- _Task description_: Your answer must be an exact copy of the entries below, with no pictures in it.

-- Dataset follows --

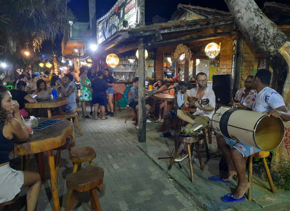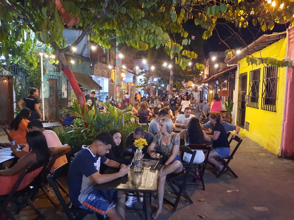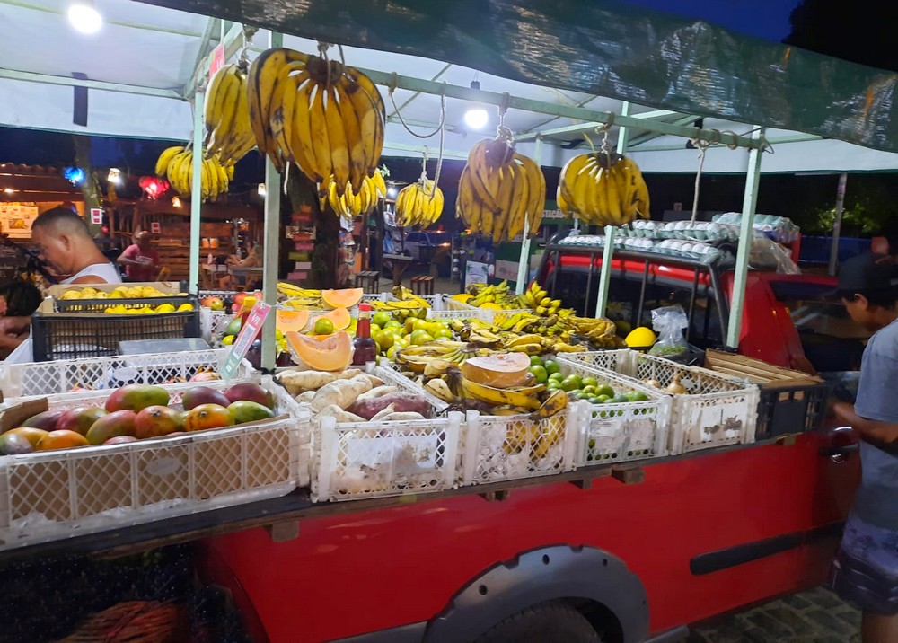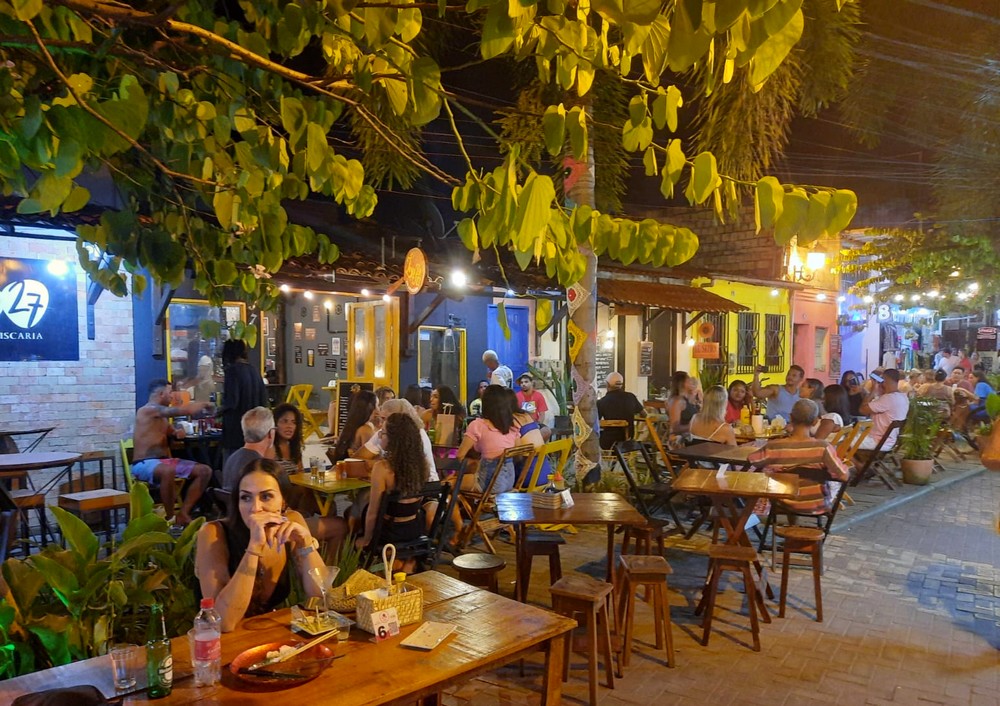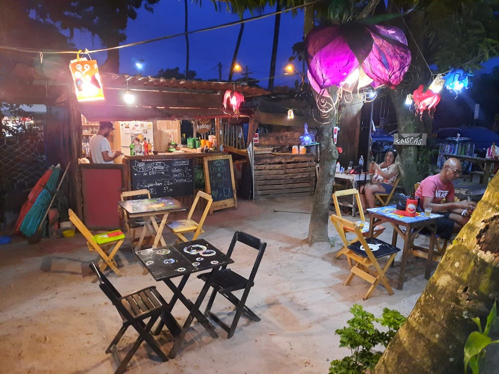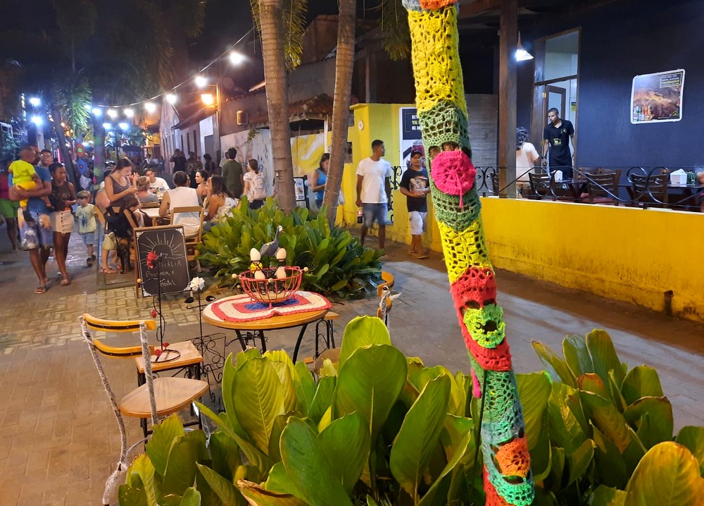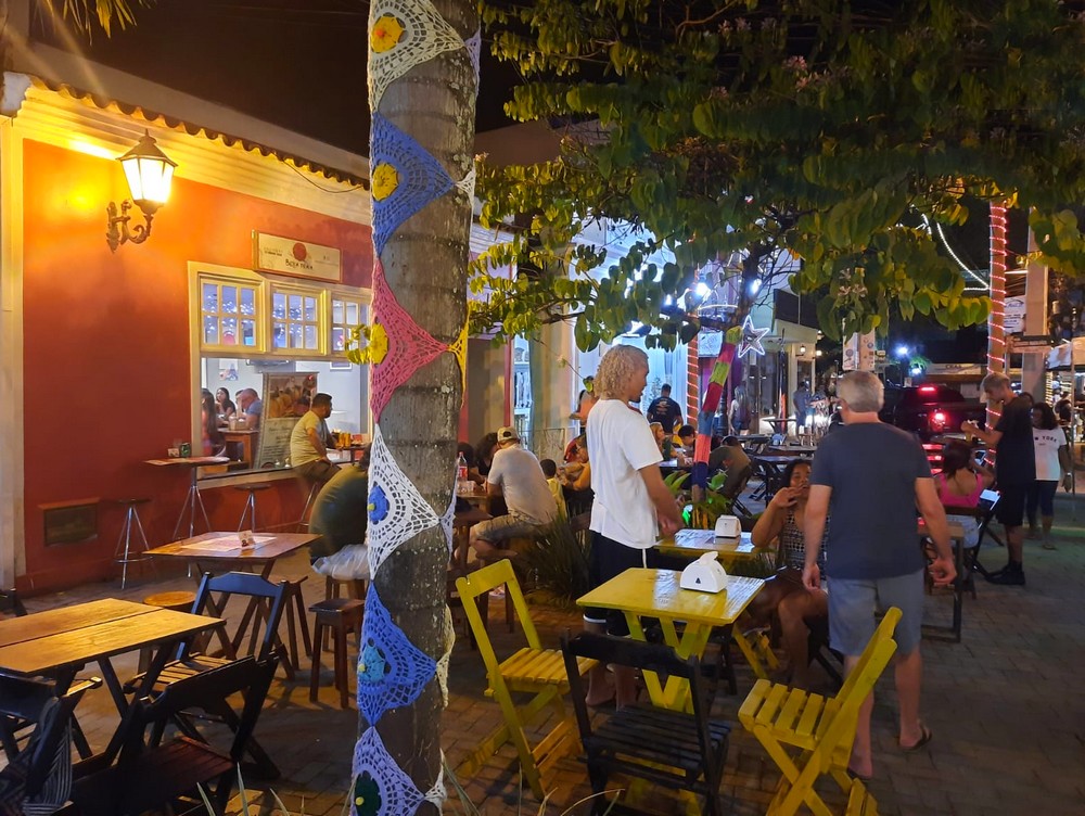 En début de soirée, une petite soif se faisant sentir, nous faisons un tour dans la rue piétonne toute proche. A priori, c’est ici que se concentre l’animation nocturne, les restos et les boutiques ! L’ambiance est agréable, mais nettement moins festive qu’au Morro, ce qui ne nous empêche pas de nous attabler devant une caïpirinha bien rafraichissante – oui, ici aussi il fait chaud !
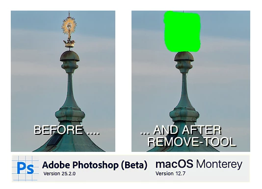 Blereits seit mehreren Updates für >PS Beta< funktioniert das Entfernen-Werkzeug nicht mehr (auch nicht unter v. 25.2.0): statt Entfernung erscheinen grelle (Falsch-)Farben. - Tutorials und Helpfunktion haben keine Klärung gebracht. - Ich arbeite auf Mac OS Monterey 12.7.
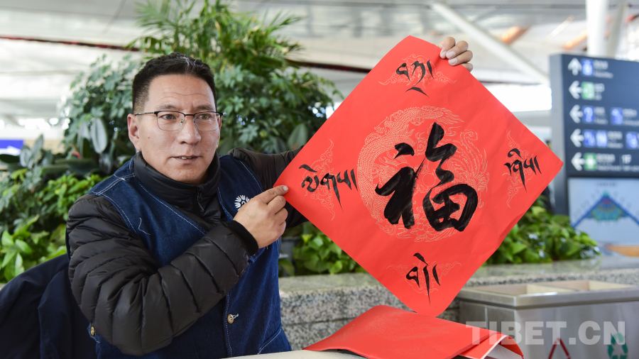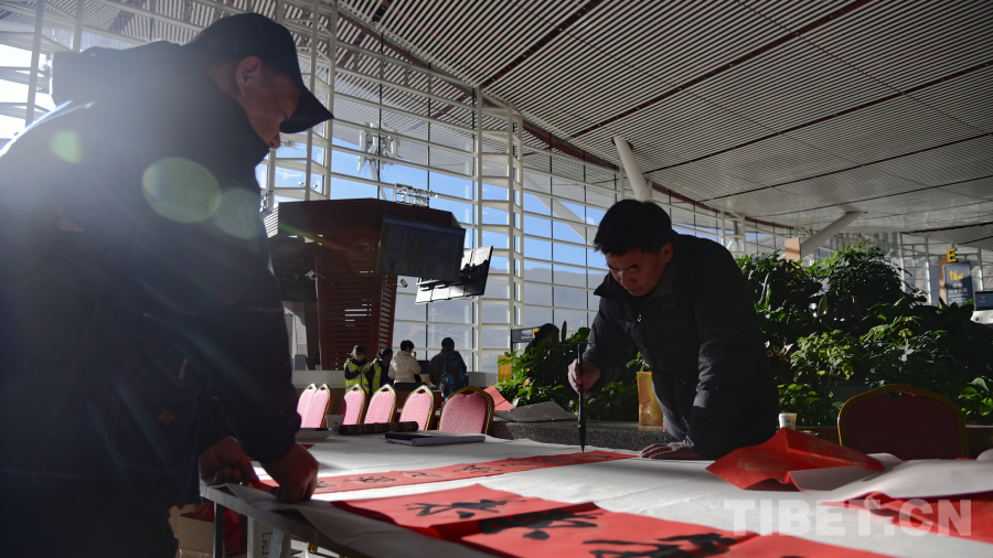 活動(dòng)現(xiàn)場,29名西藏文藝志愿者走進(jìn)拉薩貢嘎國際機(jī)場航站樓,開展送“?!弊?、送“扎西德勒”、送春聯(lián)、扎木念彈唱等活動(dòng),為過往旅客和工作人員帶來了一場別開生面的文化體驗(yàn)。
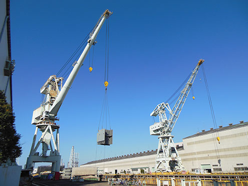 主に大型製品の大組立を行います。海洋ドックはドック内に水を入れてゲートを外すと、製品を浮かせて引き出すことができます。専用岸壁では、ジブクレーンで船積み・陸揚げができます。
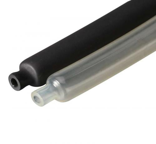 Предназначены для герметизации, изоляции и защиты от коррозии контактных соединений в электроэнергетике и телекоммуникациях Расширенный коэффициент усадки: 3:1 Материал: полиолефин, не поддерживает горение Цвет: черный По всей внутренней поверхности термоусадочных трубок методом соэкструзии нанесен слой термоплавкого клея Трубки черного цвета обеспечивают устойчивость к воздействию ультрафиолетового излучения При усадке клеевой подслой расплавляется, заполняет все неровности микрорельефа и обеспечивает полную герметичность соединений Форма поставки: нарезка по 1 м Инструмент для монтажа: высокотемпературный фен ТТ-1800 или портативные бутановые горелки «КВТ» Относительное удлинение при разрыве не менее 350% Температура усадки 115–140 °C Температура эксплуатации от -55 °C до +125 °C Прочность на растяжение не менее 10 МПа Электрическая прочность не менее 20 кВ/мм Рабочее напряжение до 1000 В Удельное объемное электрическое сопротивление 1014 Ом*см
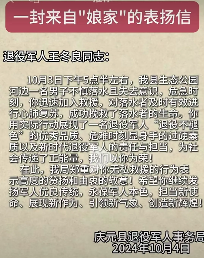 近日,收到一封来自“娘家”的表扬信——庆元县退伍军人事务局关于表扬王冬良同志见义勇为事迹的感谢信。10月3日下午5点半左右,丽水庆元县生态公园河边一阵嘈杂声,吸引了回家途中浙江温州黑料网 有限公司一大党支部书记、大队长王冬良同志,王冬良顺着人们口中的描述飞速赶到现场,正发现一名热心市民迎着湍急的水流搂住一名落水男子奋力游向岸边。在这危急关头,王冬良与另一名身着黑衣的市民与救人者无缝衔接,配合救人者将落水者拉到礁石上立马开展心肺复苏,当时落水者脸色苍白已经没有了意识,经过两个人及时实施心肺复苏,落水男子慢慢恢复了意识,没有了生命危险。
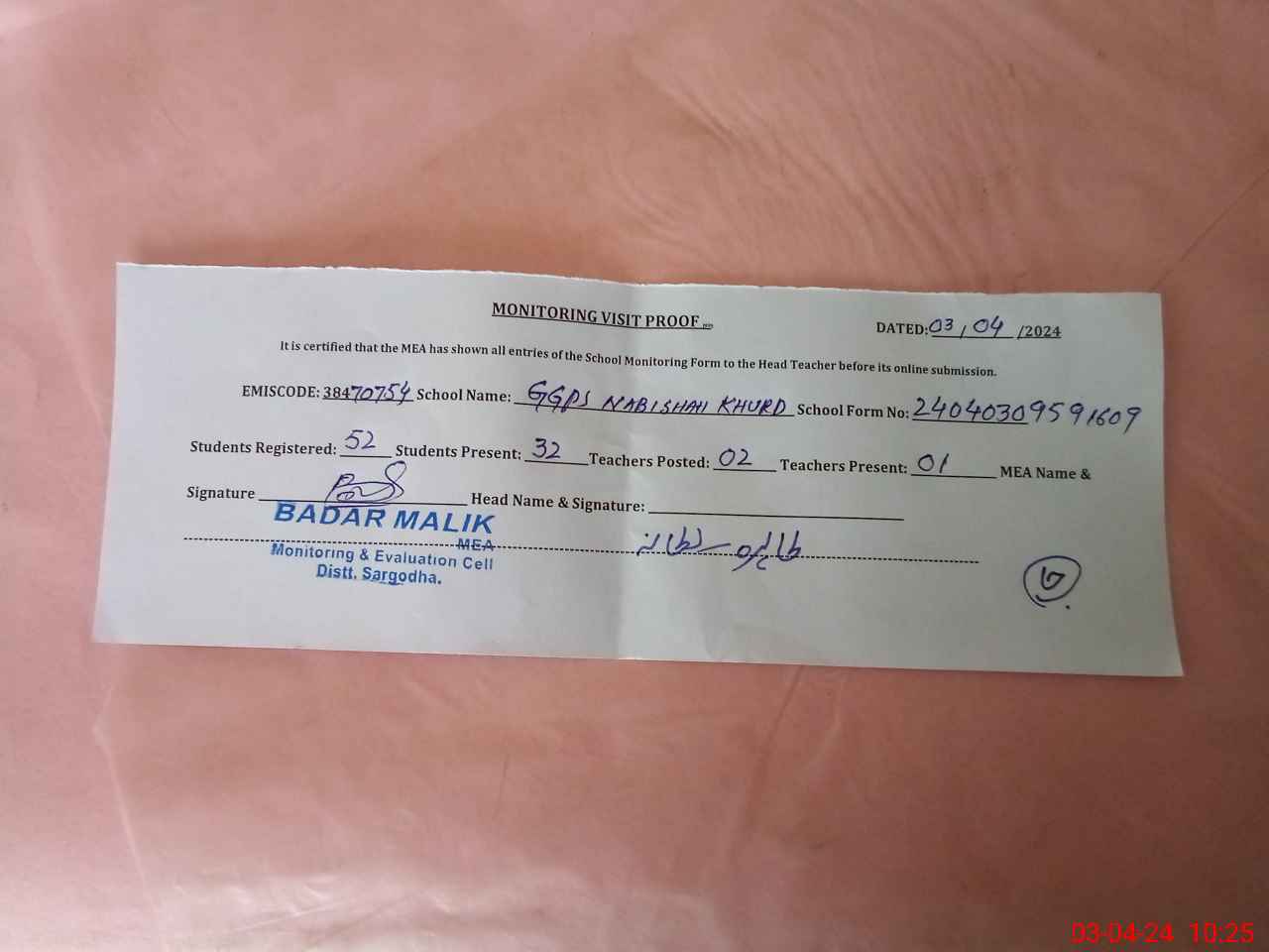 | EMIS Code: 38470754 | Name of School: GGPS NABI SHAH KHURD | |||
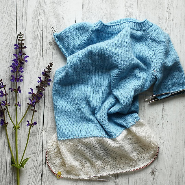 Mods: Changed the transition from the blue to white yarn, used a lighter laceweight for the bottom, and added lace stitches to the hem. Details can be found on her project page, here.
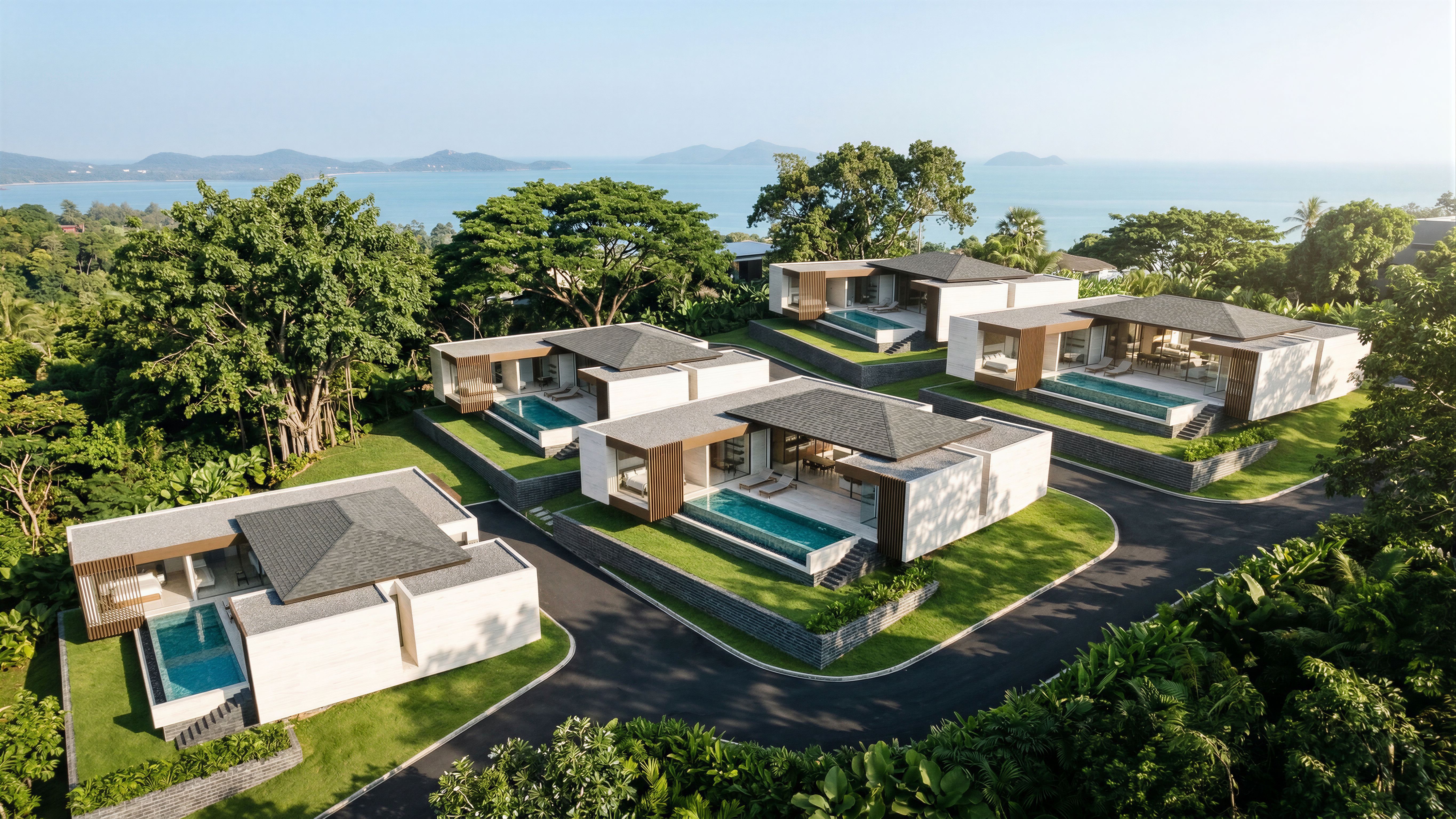 EnhancedPromptA photorealistic architectural rendering of an ultra-luxury minimal villa on a Koh Samui hillside. The design features a seamless use of White Travertine stone for walls and floors, extending directly into an infinity-edge pool. Structural beams and vertical slats are made of bronze. The building's base and retaining walls are constructed from dark grey bricks. Large Vitrocsa sliding window systems with ultra-slim frames reveal a central living/dining area flanked by bedrooms. The roof is finished with asphalt shingles and grey asphalt waterproof membrane for flat roofs. The very dark grey asphalt road leads to each villas along the green grass hill and tropical plants on the sideway. The villa is part of a tiered branded residence, stepped down the slope to ensure unobstructed panoramic sea views. The environment is lush with diverse tropical greenery and large native trees between villa plots and in the foreground and background. Bright, soft morning sunlight casts elegant dappled shadows across the grassy slopes. Note: Absolutely no coconut trees, only large native tropical foliage. 8k resolution, cinematic lighting., keep exact camera angle, keep exact camera angle, keep exact camera angle

-- Dataset concluded --

- _Solved problem_:
 En début de soirée, une petite soif se faisant sentir, nous faisons un tour dans la rue piétonne toute proche. A priori, c’est ici que se concentre l’animation nocturne, les restos et les boutiques ! L’ambiance est agréable, mais nettement moins festive qu’au Morro, ce qui ne nous empêche pas de nous attabler devant une caïpirinha bien rafraichissante – oui, ici aussi il fait chaud !
 Blereits seit mehreren Updates für >PS Beta< funktioniert das Entfernen-Werkzeug nicht mehr (auch nicht unter v. 25.2.0): statt Entfernung erscheinen grelle (Falsch-)Farben. - Tutorials und Helpfunktion haben keine Klärung gebracht. - Ich arbeite auf Mac OS Monterey 12.7.
 活動(dòng)現(xiàn)場,29名西藏文藝志愿者走進(jìn)拉薩貢嘎國際機(jī)場航站樓,開展送“?!弊?、送“扎西德勒”、送春聯(lián)、扎木念彈唱等活動(dòng),為過往旅客和工作人員帶來了一場別開生面的文化體驗(yàn)。
 主に大型製品の大組立を行います。海洋ドックはドック内に水を入れてゲートを外すと、製品を浮かせて引き出すことができます。専用岸壁では、ジブクレーンで船積み・陸揚げができます。
 Предназначены для герметизации, изоляции и защиты от коррозии контактных соединений в электроэнергетике и телекоммуникациях Расширенный коэффициент усадки: 3:1 Материал: полиолефин, не поддерживает горение Цвет: черный По всей внутренней поверхности термоусадочных трубок методом соэкструзии нанесен слой термоплавкого клея Трубки черного цвета обеспечивают устойчивость к воздействию ультрафиолетового излучения При усадке клеевой подслой расплавляется, заполняет все неровности микрорельефа и обеспечивает полную герметичность соединений Форма поставки: нарезка по 1 м Инструмент для монтажа: высокотемпературный фен ТТ-1800 или портативные бутановые горелки «КВТ» Относительное удлинение при разрыве не менее 350% Температура усадки 115–140 °C Температура эксплуатации от -55 °C до +125 °C Прочность на растяжение не менее 10 МПа Электрическая прочность не менее 20 кВ/мм Рабочее напряжение до 1000 В Удельное объемное электрическое сопротивление 1014 Ом*см
 近日,收到一封来自“娘家”的表扬信——庆元县退伍军人事务局关于表扬王冬良同志见义勇为事迹的感谢信。10月3日下午5点半左右,丽水庆元县生态公园河边一阵嘈杂声,吸引了回家途中浙江温州黑料网 有限公司一大党支部书记、大队长王冬良同志,王冬良顺着人们口中的描述飞速赶到现场,正发现一名热心市民迎着湍急的水流搂住一名落水男子奋力游向岸边。在这危急关头,王冬良与另一名身着黑衣的市民与救人者无缝衔接,配合救人者将落水者拉到礁石上立马开展心肺复苏,当时落水者脸色苍白已经没有了意识,经过两个人及时实施心肺复苏,落水男子慢慢恢复了意识,没有了生命危险。
 | EMIS Code: 38470754 | Name of School: GGPS NABI SHAH KHURD | |||
 Mods: Changed the transition from the blue to white yarn, used a lighter laceweight for the bottom, and added lace stitches to the hem. Details can be found on her project page, here.
 EnhancedPromptA photorealistic architectural rendering of an ultra-luxury minimal villa on a Koh Samui hillside. The design features a seamless use of White Travertine stone for walls and floors, extending directly into an infinity-edge pool. Structural beams and vertical slats are made of bronze. The building's base and retaining walls are constructed from dark grey bricks. Large Vitrocsa sliding window systems with ultra-slim frames reveal a central living/dining area flanked by bedrooms. The roof is finished with asphalt shingles and grey asphalt waterproof membrane for flat roofs. The very dark grey asphalt road leads to each villas along the green grass hill and tropical plants on the sideway. The villa is part of a tiered branded residence, stepped down the slope to ensure unobstructed panoramic sea views. The environment is lush with diverse tropical greenery and large native trees between villa plots and in the foreground and background. Bright, soft morning sunlight casts elegant dappled shadows across the grassy slopes. Note: Absolutely no coconut trees, only large native tropical foliage. 8k resolution, cinematic lighting., keep exact camera angle, keep exact camera angle, keep exact camera angle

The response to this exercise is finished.